There are many possible software solutions to this issue and I hope Intel + Microsoft would be able to implement it without sacrificing that much speed. The impact depends on architecture of OS. Linux has monolithic kernel and this causes big impact. Windows NT (the base of all current windowses) has microkernel-like/hybrid design that is likely to be less affected.
Google posted details on this CPU vulnerability and as I understand it:
- Vulnerability requires malware program to be running locally on the machine
- It allows to read contents of entire physical memory (RAM) including kernel pages
- Does not seem to allow to do any write to kernel memory
As I see it, main risk is for servers, especially ‘cloud’ or ‘VPS’ services that share single computer among number of clients where those clients can run any software on their own. Virtualized environment that was supposed to protect them against each other running on same physical hardware can be circumvented using the vulnerability in question, so other VPS data can be read (but not written) by an attacker.

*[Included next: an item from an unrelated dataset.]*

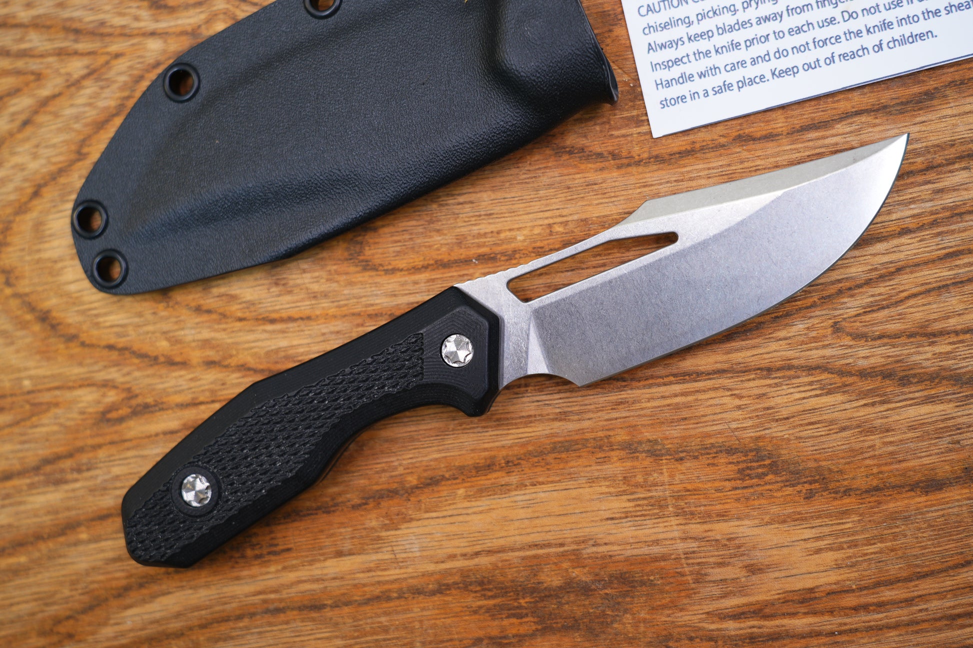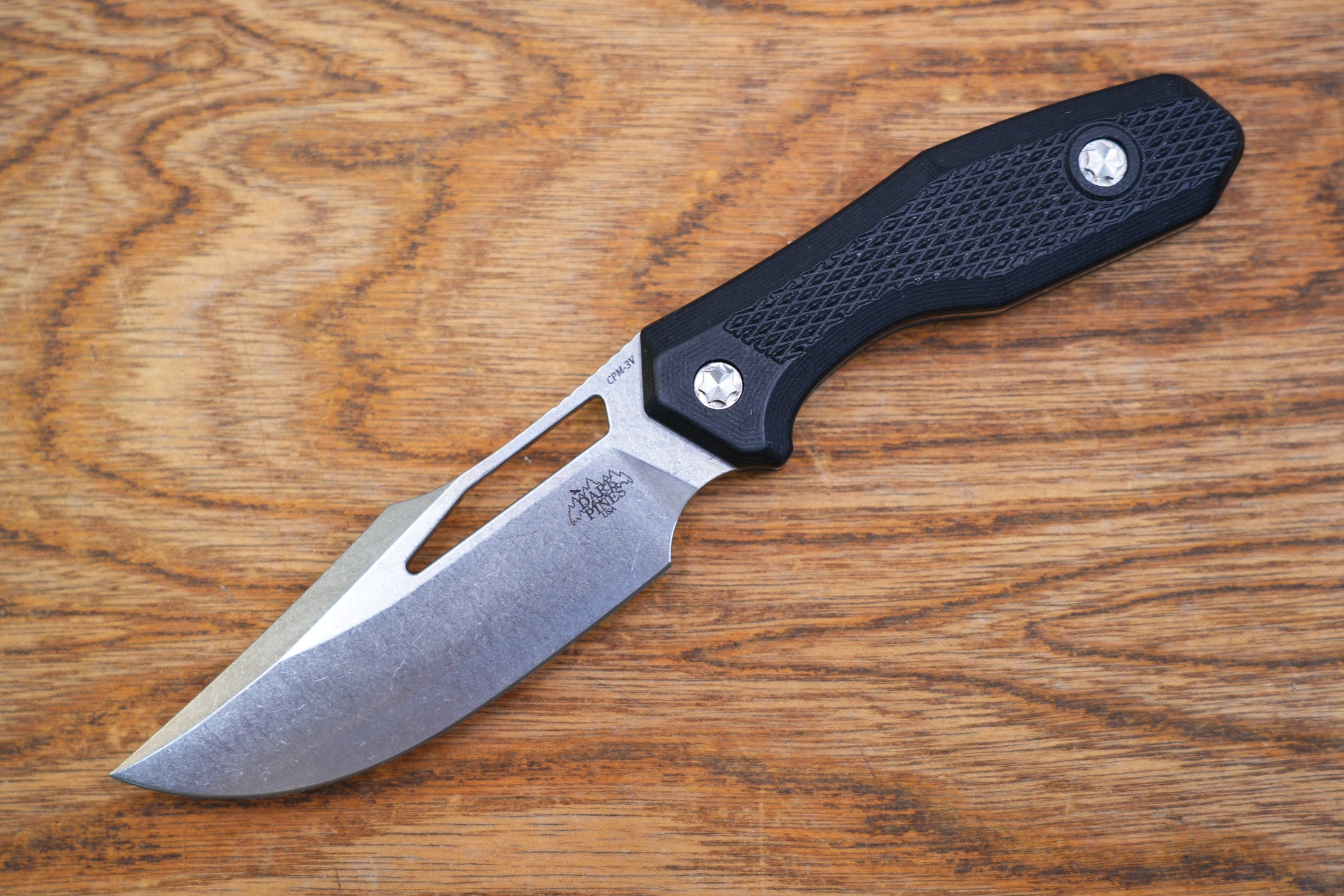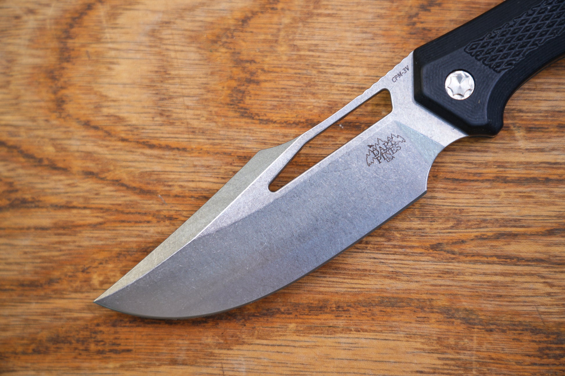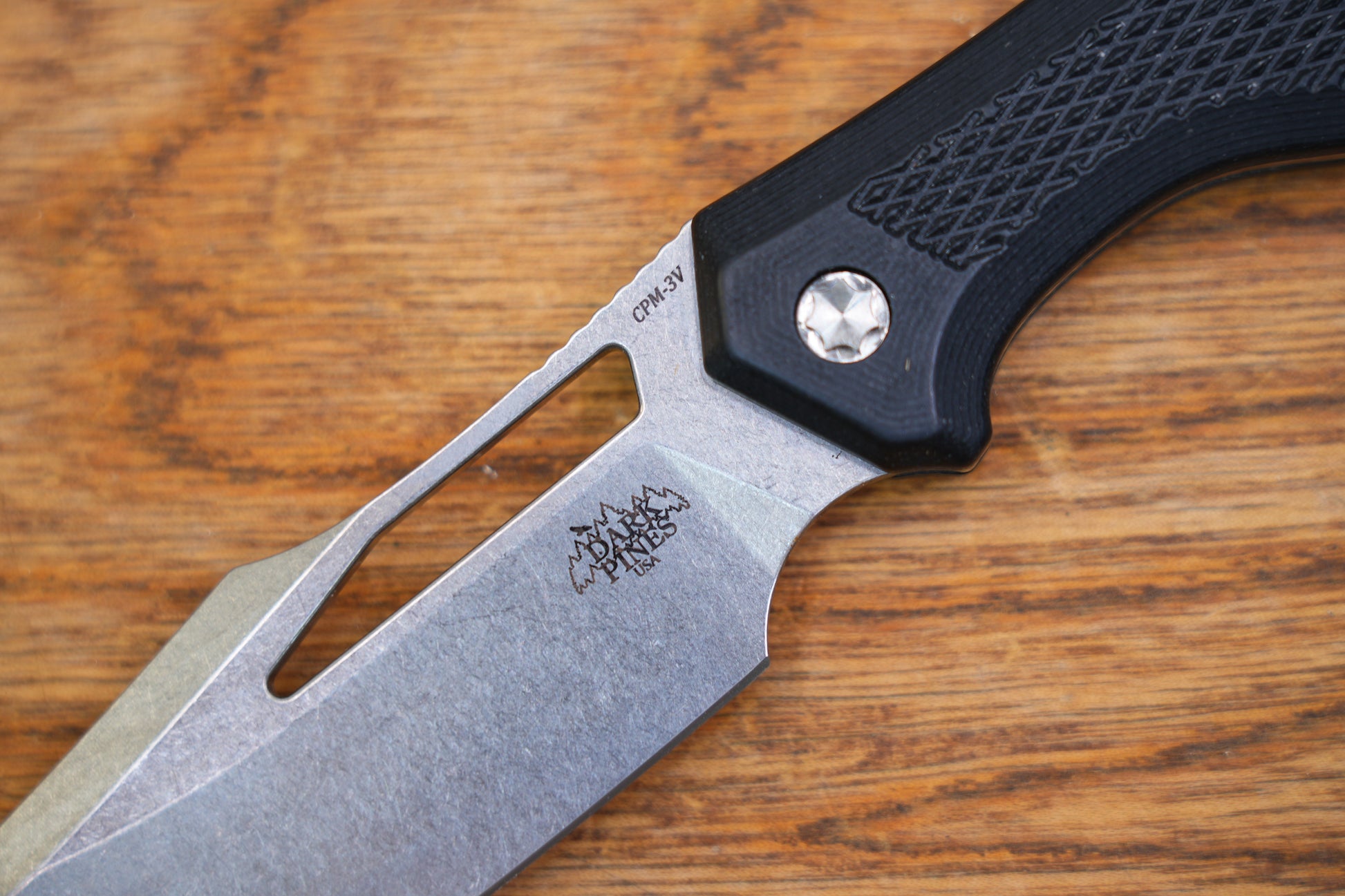 The 4 inch blade is USA made CPM-3V steel. A stonewash finish helps hide any scratches you may add to the blade and helps prevent light reflection. Jimping on the thumb ramp provides an excellent saddle for thumb placement during use. A slotted fuller adds to the astetic and reduces weight.

On personal PC, generally there is one user who controls what is run. So excluding any potential security holes in browsers (apparently patched already), the vulnerability in question is not as easy to exploit on personal PC. It should be well noted that running any malware on your PC puts your personal data to risk, because executable running on your PC in most cases has access to all files anyway, without need to do kernel tricks.

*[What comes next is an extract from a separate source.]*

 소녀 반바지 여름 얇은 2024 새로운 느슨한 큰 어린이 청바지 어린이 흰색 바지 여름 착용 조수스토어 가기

As more and more details surface, I'd like to add an extra comment:
This is typical cache timing attack. This kind of vulnerability is known from some time but wasn't exploited because it is difficult to exploit in practice. Some recent "improvements" to browsers allowed access from javascript to "SharedArrayBuffer" and precise timing and this was the reason why it was possible to write a "proof of concept" for those attacks from Javascript. But now browser vendors (at least Mozilla and Microsoft) removed ability to measure time more precisely than 20 microseconds from Javascript and removed SharedArrayBuffer and that effectively blocks this vector of the attack (i.e. Javascript running in browser). So the only way to get exposed to this vulnerability is running actual malware executable exploiting that. But if malware is run on local machine it can do much more than just reading the memory anyway.
Now the optimizing compiler for Ryzen CPU is available. Do you think Ryzen with more cores and threads a better choice for future Amibroker?
https://developer.amd.com/amd-optimizing-cc-compiler-aocc-technical-support/
According to my recent tests AMD Ryzen performs at least equally well as Intel when you run same number of threads on both. And this is when running even old 32-bit code. So if you choose Ryzen with more threads it should be better.